Все реки текут - 2

Нант Бэтси

Конец двадцатых годов нашего века. Дели — мать взрослых детей — бороздит на своем старом пароходике реки Австралии. Она владелица парохода и капитан на нем. Брентон — ее муж — скончался… Дели в отчаянье, жизнь, кажется, кончена. Но ведь она еще так молода! И Дели бежит, бежит от себя, от своей пылкой страсти к Джойсу. И находит свой берег. Берег последней любви…

Пролог

Там, где реки текут, там всегда есть жизнь. Жизнь дают реки.

Реки любви.

И не иссыхает река, пока живо сердце человеческое. Река любви. Она может уйти под землю, может обмелеть, почти пересохнуть в знойное лето или зарасти тиной; может на пути реки возникнуть затор из мертвых деревьев, из камней сердечных, но пока Господь дает жизнь — течет, течет река… Река любви. И дает жизнь всему…
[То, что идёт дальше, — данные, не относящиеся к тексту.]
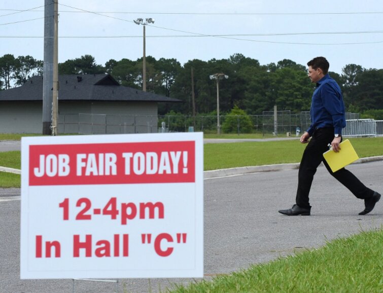 Người Mỹ tham gia hội chợ việc làm tại Florida. Ảnh: Reuters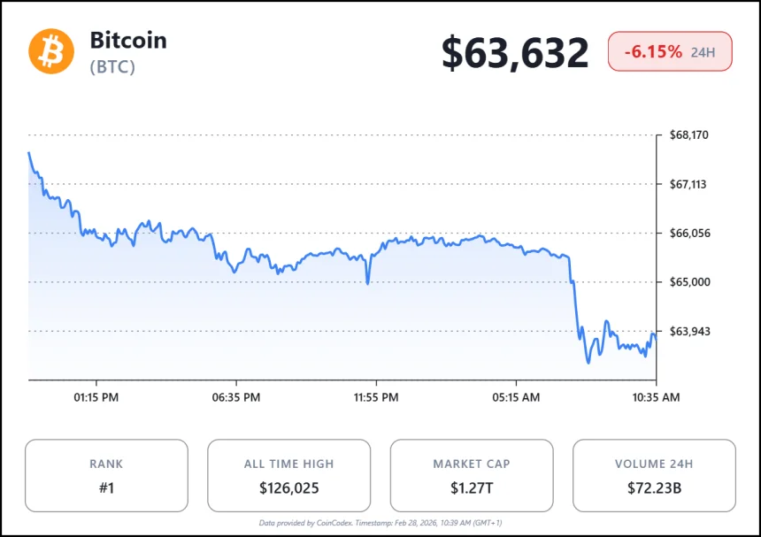 WikiBit 2026-02-28 15:02Bitcoin plunged to as low as 63,068 USD overnight before finding support around 63,500 USD, marking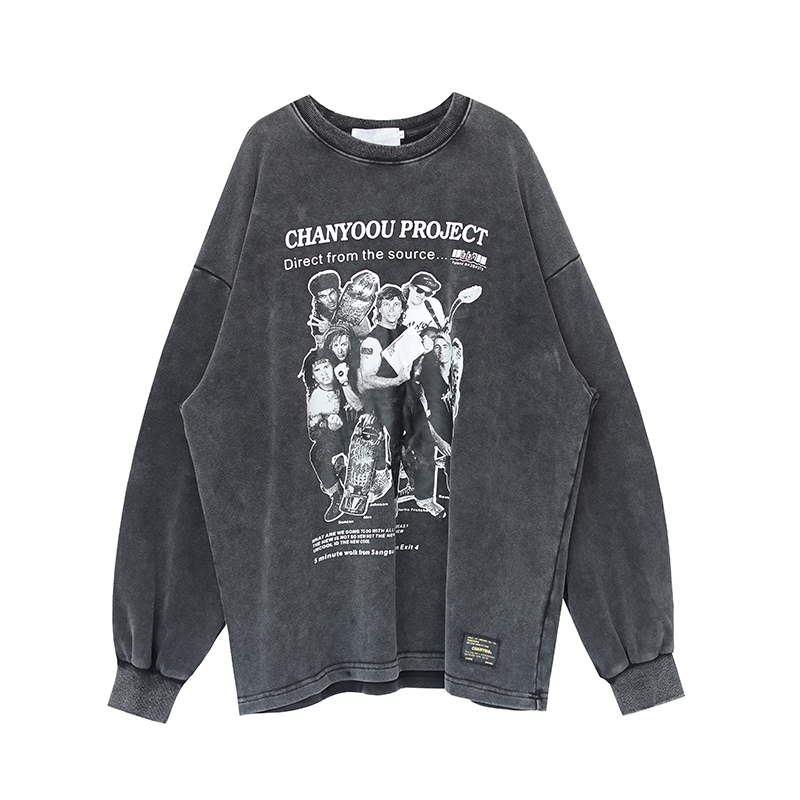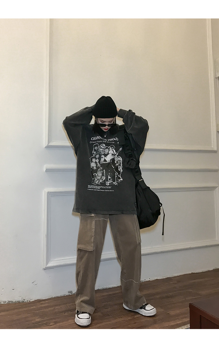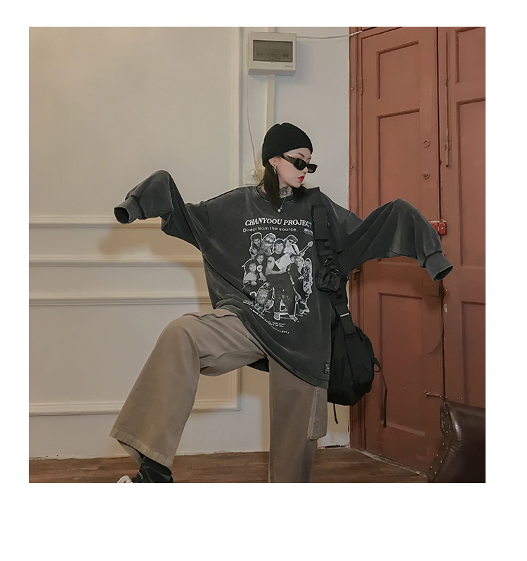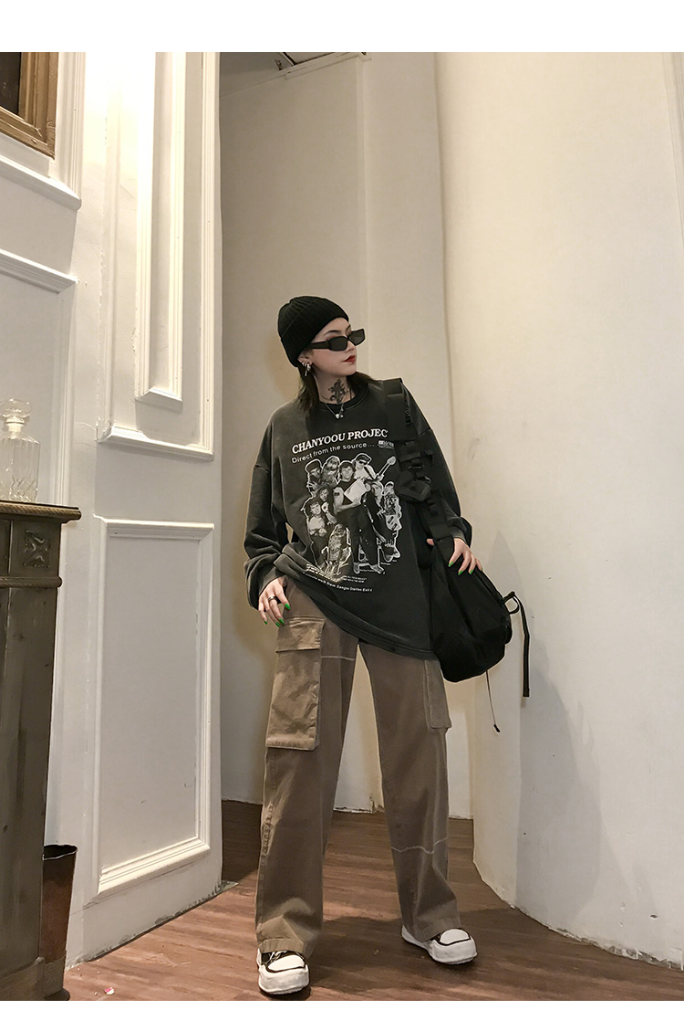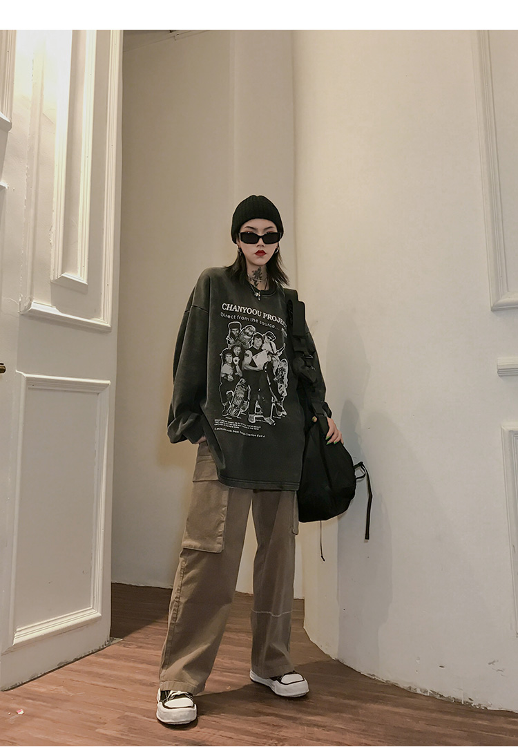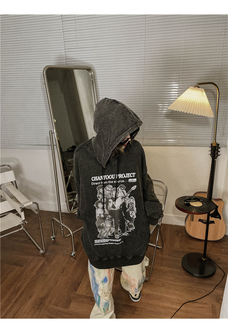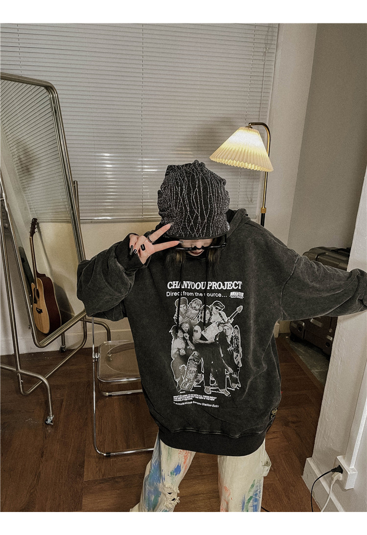 migu美式復古圓領無性別衛衣oversize小眾慵懶風男女加絨寬鬆連帽

Дели улыбалась. Семидесятидевятилетняя, со скрюченными ревматическим артритом пальцами и негнущимися коленями. Дели стояла в купальнике, погруженная почти по пояс в морскую воду. И, глядя на сверкающую под жарким солнцем рябь морской воды, улыбалась.

Книга первая

ОСТАНОВИ СВОЙ БЕГ, РЕКА ВОСПОМИНАНИЙ

Часть первая

1

В четырнадцать лет Адам был чудным юношей. Он учился в Сиднее, в колледже Святого Марка, и жил в пансионе, в маленькой подвальной комнате с окном, выходящим на улицу, через которое были видны лишь ботинки прохожих да копыта лошадей. Каждую неделю это маленькое окно приходила мыть служанка Эмма, так как к концу недели оно становилось совершенно черным от пыли и лепешек грязи, налипших на стекло.

Уже сейчас чувствовалось, что Адам будет плечистым и весьма мужественным на вид молодым человеком, о чем говорил его подбородок и открытый взгляд пока еще широко распахнутых и по-детски наивных глаз светло-коричневого цвета с золотистым отливом. Казалось, что золотые искорки сыплются из этих юношеских глаз, когда Адам вдруг бросал внимательный взгляд на учительницу математики мисс Адамсон, и затем чему-то едва заметно улыбался. Адам чувствовал какую-то внутреннюю, почти родственную, непонятную связь с мисс Адамсон, видимо, оттого, что были созвучны его имя и фамилия учительницы. Втайне Адам надеялся, что они каким-то непостижимым образом могут оказаться какими-нибудь дальними родственниками, но это, конечно, полная ерунда, и мысли о их родстве не более чем юношеские фантазии. К тому же по математике он не слишком успевал, и не потому что был неспособен, всего лишь оттого, что она ему была совершенно неинтересна.

Его интересовали стихи, особенно о любви. И Адам страшно боялся, что кто-нибудь из школьных товарищей обнаружит эту его глупую страсть — читать «дамские» стишки какого-то там Шелли или пусть даже Байрона, потому что если стихи про любовь, значит, они не достойны прочтения настоящим мужчиной. Так примерно думали его немногочисленные школьные друзья, которые уже не без хвастовства как бы между прочим роняли, что вчера допоздна просидели за картами и бутылкой рома втроем, а сегодня ничего — даже голова не болит. Адам не слишком любил подобное времяпрепровождение. Карты и ром вперемешку с виски или пивом в четырнадцать лет его совсем не увлекали, и пить эту обжигающую рот жидкость, а потом тащиться домой, в свой пансион, с разламывающейся и гудящей головой — это совсем не для него.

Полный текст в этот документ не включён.